* How to complete this task:
Exact copy, no pictures: every line from the one that contains "当前位置: 91家纺网 >" through the end of the data below, and nothing else.

* Dataset section:
===============
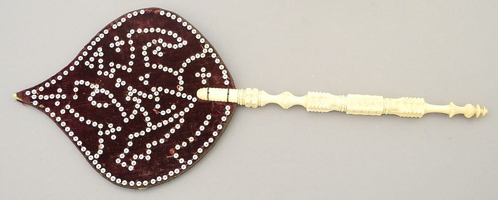 South Asian Carved Bone Fan (13 1/2"H) & Advertisement & Bull Card Holder, 2 7/8"W.
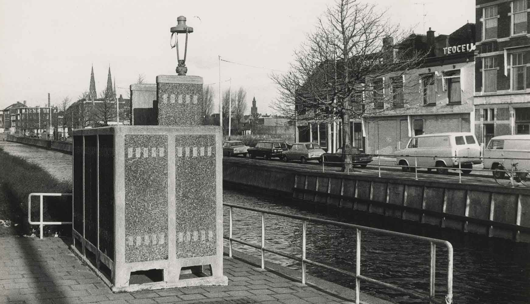 Noord-West-Buitensingel met een urinoir; aan de overkant van het water Bij de Westermolens. Foto uit 1975, Jan Stegeman, Haags Gemeentearchief -
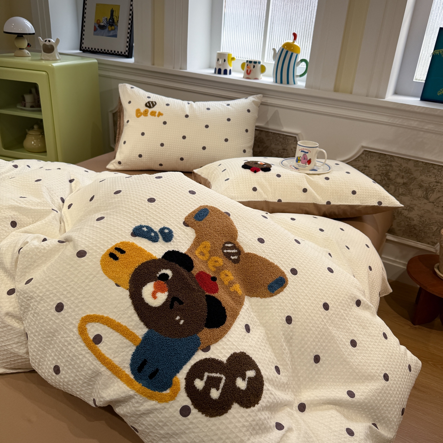 当前位置: 91家纺网 > 商品网购 > 床品套件 > 四件套 > 毛巾绣四件套 > 珺柔家纺 2026新款卡通华夫格毛巾绣四件套 布丁象
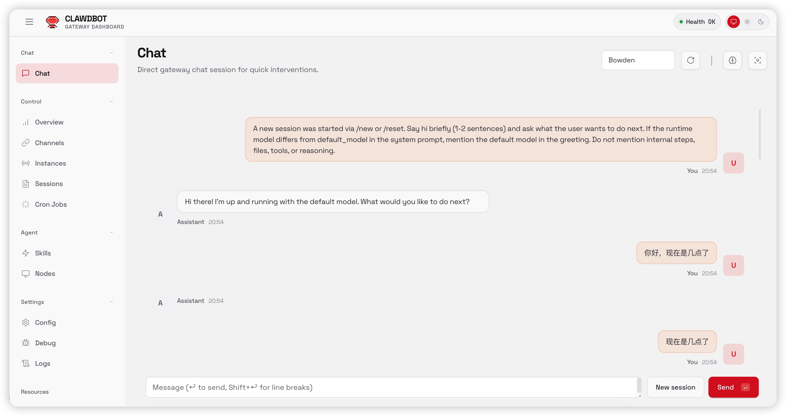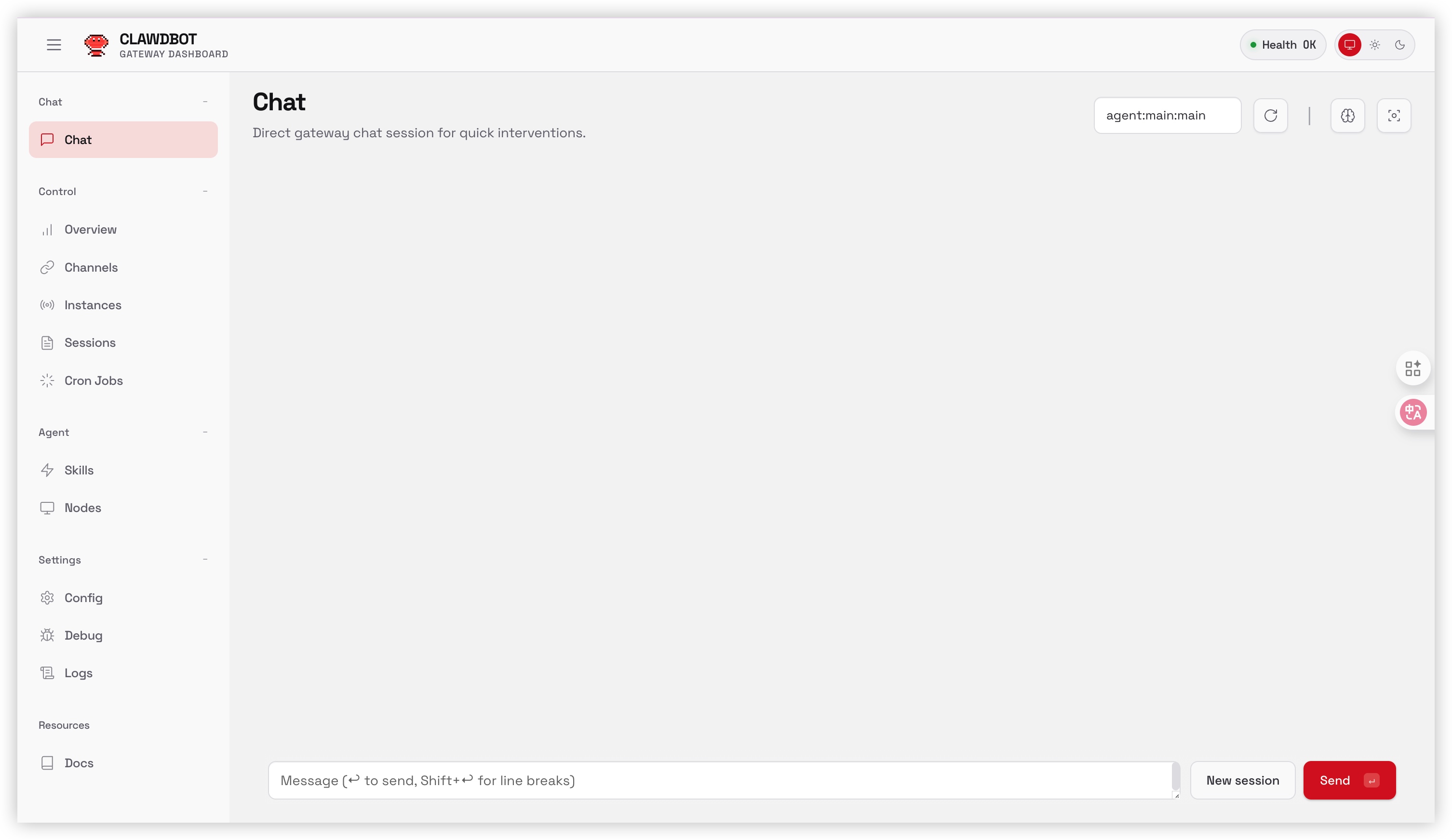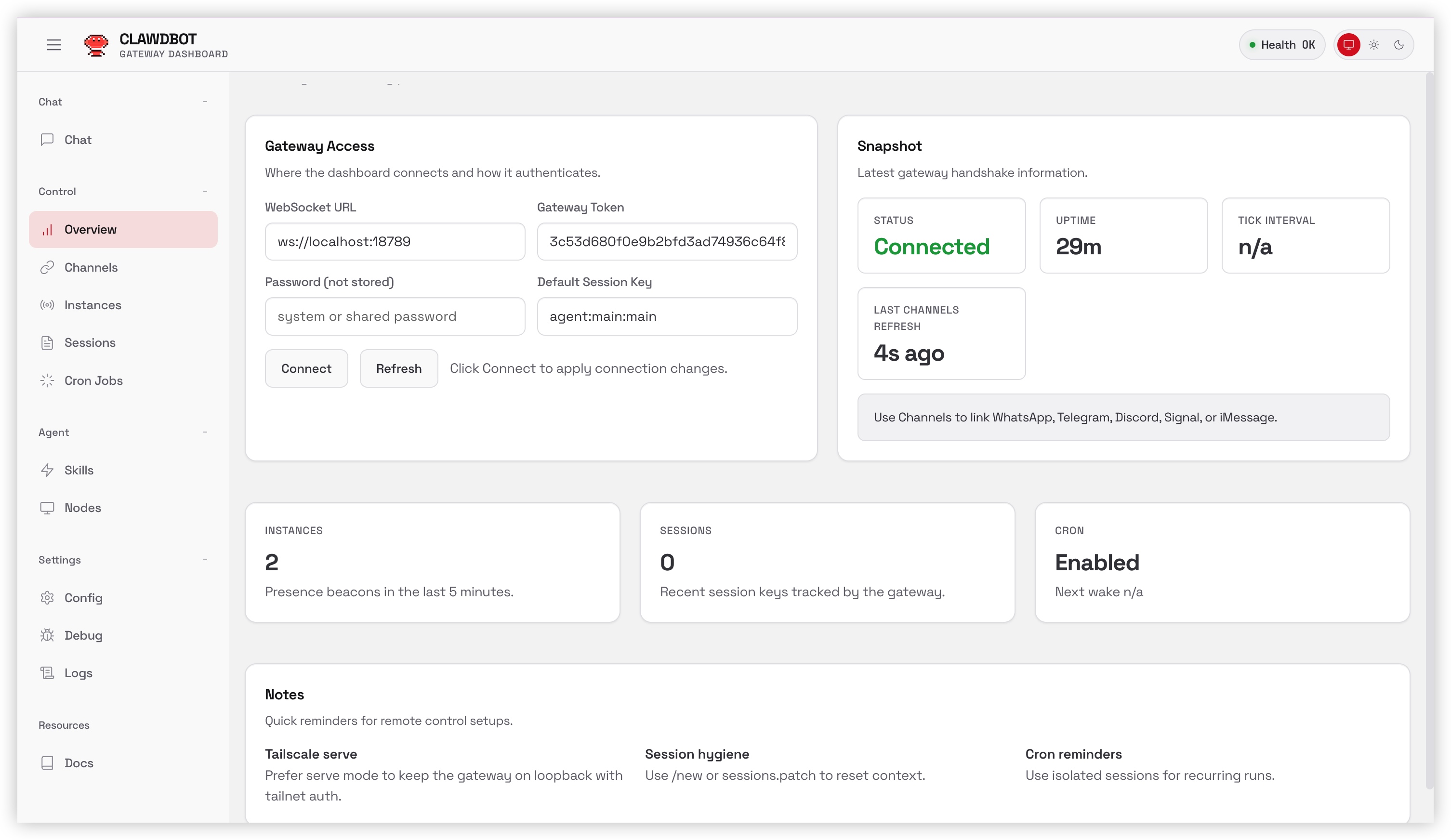 图示说明:这是 Moltbot 的 Web UI。你可以在这里配置系统参数、查看日志以及管理连接的聊天渠道。
===============
* Response area:
 当前位置: 91家纺网 > 商品网购 > 床品套件 > 四件套 > 毛巾绣四件套 > 珺柔家纺 2026新款卡通华夫格毛巾绣四件套 布丁象
 图示说明:这是 Moltbot 的 Web UI。你可以在这里配置系统参数、查看日志以及管理连接的聊天渠道。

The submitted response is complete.